Jumlah ini meningkat lebih dari lima kali lipat dibandingkan tahun sebelumnya yang hanya Rp5,3 miliar. Jika sebelumnya bantuan untuk partai politik ditetapkan Rp2.000 per suara, kini nilainya melonjak menjadi Rp10.000 per suara.
Ketua Serikat Aksi Peduli Aceh (SAPA), Fauzan Adami, menilai keputusan tersebut sebagai bentuk kebijakan yang jauh dari keberpihakan kepada rakyat kecil.
Lonjakan dana hibah yang sangat besar ini dinilai melukai hati masyarakat, terutama di tengah kondisi sulit akibat tingginya angka pengangguran, kemiskinan yang belum tertangani, serta masalah ekonomi yang terus menghimpit rakyat.

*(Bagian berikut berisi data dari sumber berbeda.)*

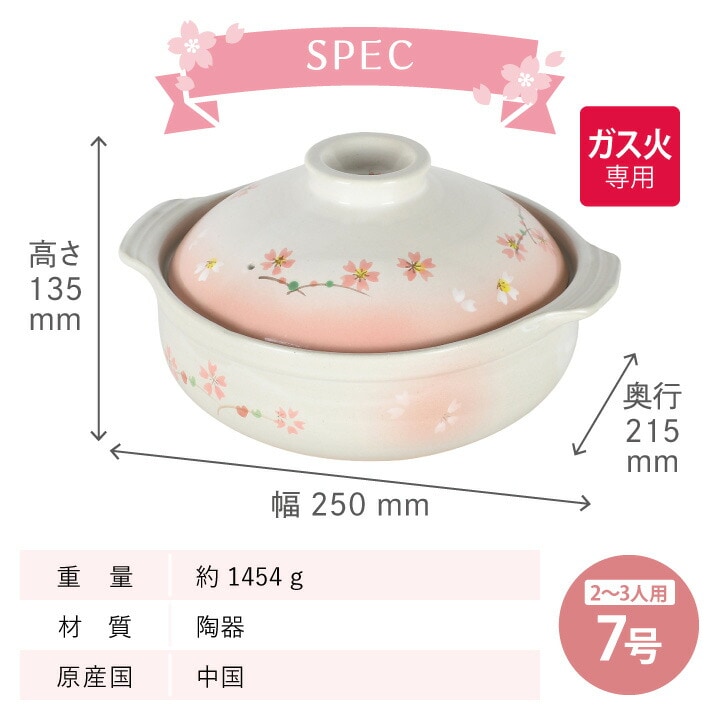 土鍋 7号 桜日和 L-1973 パール金属鍋 卓上鍋 2~3人用 ガス火専用
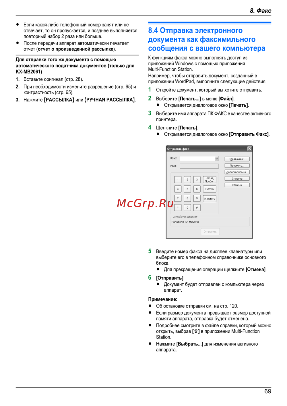 Panasonic KX-MB2051 RU — как отправить факс с компьютера: пошаговая инструкция [69/172]
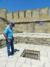 Относительно недавно учёные обнаружили в крепости Нарын-Кала целую церковь. Сверху через её бывший купол заглядываем внутрь, где видим воду.
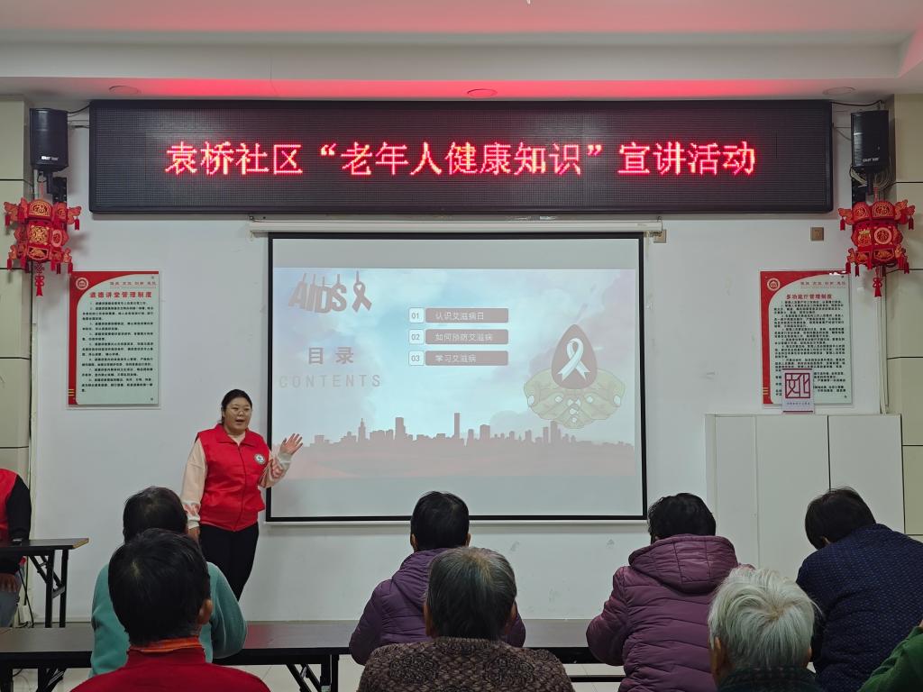 本次活动分为冬季流行性传染病预防和携手抗“艾”、关爱止“艾”两个主题。活动在温馨的氛围中拉开序幕,志愿者借助示例图片,向各位居民详细介绍了冬季盛行的主要传染病类型及其科学预防策略。提醒居民注重个人卫生、防寒保暖、积极免疫接种等,做自己健康第一责任人。随后,志愿者与居民们围绕冬季抗寒小技巧展开讨论,现场气氛热烈而和谐,充满了对健康生活的向往与追求。对于抗“艾”防“艾”,志愿者则利用生动的视频资料,重点讲解了艾滋病的感染源、传播途径等知识。帮助居民正确掌握艾滋病的科学知识和预防方法,加深对防艾知识的理解,切实筑牢防艾的思想防线。活动最后,志愿者为社区居民分发抗艾手册与象征关爱与希望的红丝带,让更多的人加入到防艾的队伍中来,共同为创造一个无艾的世界而努力。

“Seharusnya Pemerintah Aceh lebih peka. Rakyat membutuhkan solusi untuk pendidikan, kesehatan, lapangan kerja, dan pemulihan ekonomi. Bukan malah menghamburkan APBA untuk memperkaya partai politik,” tegas Fauzan, Selasa (16/9/2025).
SAPA juga mempertanyakan urgensi kenaikan dana hibah hingga mencapai Rp29,34 miliar. Menurut mereka, dana sebesar itu akan lebih bermanfaat jika dialihkan ke program pemberdayaan ekonomi rakyat, penanggulangan kemiskinan, dan perbaikan layanan publik.
“Kebijakan ini jelas mencederai rasa keadilan. Pemerintah seakan menutup mata terhadap penderitaan rakyat,” tambah Fauzan.
SAPA mendesak Pemerintah Aceh untuk segera meninjau ulang kebijakan hibah tersebut. Selain itu, SAPA juga meminta para ketua partai politik di Aceh menunjukkan sikap moral dengan menolak kenaikan dana hibah, demi menjaga martabat partai dan berpihak pada kepentingan rakyat.